The plunger made of magnetic material is composed of sintered metal produced by compressing and molding a magnetic metal powder so as to operate by magnetic force formed in the core, and then heating it at a high temperature to improve magnetic properties and improve productivity. Disclosed is a solenoid valve having a sintered metal plunger capable of producing a product, thereby reducing the manufacturing cost of the product and achieving an economic effect.

The present invention, the upper body having an inlet and an outlet, the core is formed with an outlet for discharging the residual pressure of the outlet, the assembled upper body and the core while reciprocating in the fluid inside and out of the inlet, outlet, outlet to shut off the fluid A rod main body for controlling pressure, a plunger installed at an end of the rod main body to fix and support the rod main body, and to apply magnetic force generated from the coil, to surround a portion of the core and the outside of the plunger and generate a magnetic force A solenoid valve having a bobbin in which a coil is wound around an outer circumferential surface thereof, a case in which a bobbin and a plunger are fixed to and supported by a core, and a connector provided with a terminal terminal for engaging with a mating connector. Composed of sintered metal produced by compression molding of metal powder of magnetic material to be.

Description

Solenoid valve with sintered plunger

The present invention relates to a solenoid valve, and more particularly, to improve magnetic properties and improve productivity by constructing a plunger manufactured by sintering molding to control fluid flow by operating by a magnetic force generated in a coil. The present invention relates to a solenoid valve having a sintered metal plunger capable of economical effect at the same time reducing the manufacturing cost.

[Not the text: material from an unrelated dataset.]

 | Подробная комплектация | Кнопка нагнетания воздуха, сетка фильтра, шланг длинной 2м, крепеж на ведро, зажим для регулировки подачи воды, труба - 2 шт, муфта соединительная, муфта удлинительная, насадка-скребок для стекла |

In general, among the solenoid valves, in particular, the hydraulic solenoid valve for the automatic transmission of the vehicle is a means for controlling the flow of fluid by installing basic components such as a plunger and a spring and operating them according to the application of current. It can be largely divided into an on / off method, a pulse width modulation method, and a variable control method.

Looking at the solenoid valve of the prior art as an example as follows. As shown in Fig. 1 and 2, the solenoid valve of the prior art is composed of an inlet (1a) is supplied with automatic oil of a constant controlled pressure and an upper body (1b) is an outlet (1b) through which the oil of the set control pressure flows out. ) And a core 3 having a packing 9 coupled thereto and an outlet 3a for discharging the residual pressure of the outlet 1b, and a reciprocating motion inside the assembled upper body 1 and the core 3. While the inlet (1a), the outlet (1b), the outlet body (3a) to discharge and block the fluid to control the fluid pressure and the rod body (2) is installed at the end of the rod body (2) ) And a plunger (4) in which the magnetic force generated by the coil (5) acts, and a coil (5) throughout the outer circumferential surface to surround a portion of the core (3) and the outside of the plunger (4) and generate magnetic force. The bobbin (6) is wound and the core (3) is coupled to hold the bobbin (6) to support the bobbin (6) and the plunger (4) It comprises a case (7) for protecting the connector and a connector (8) provided with a terminal terminal (8a) for coupling with the mating connector.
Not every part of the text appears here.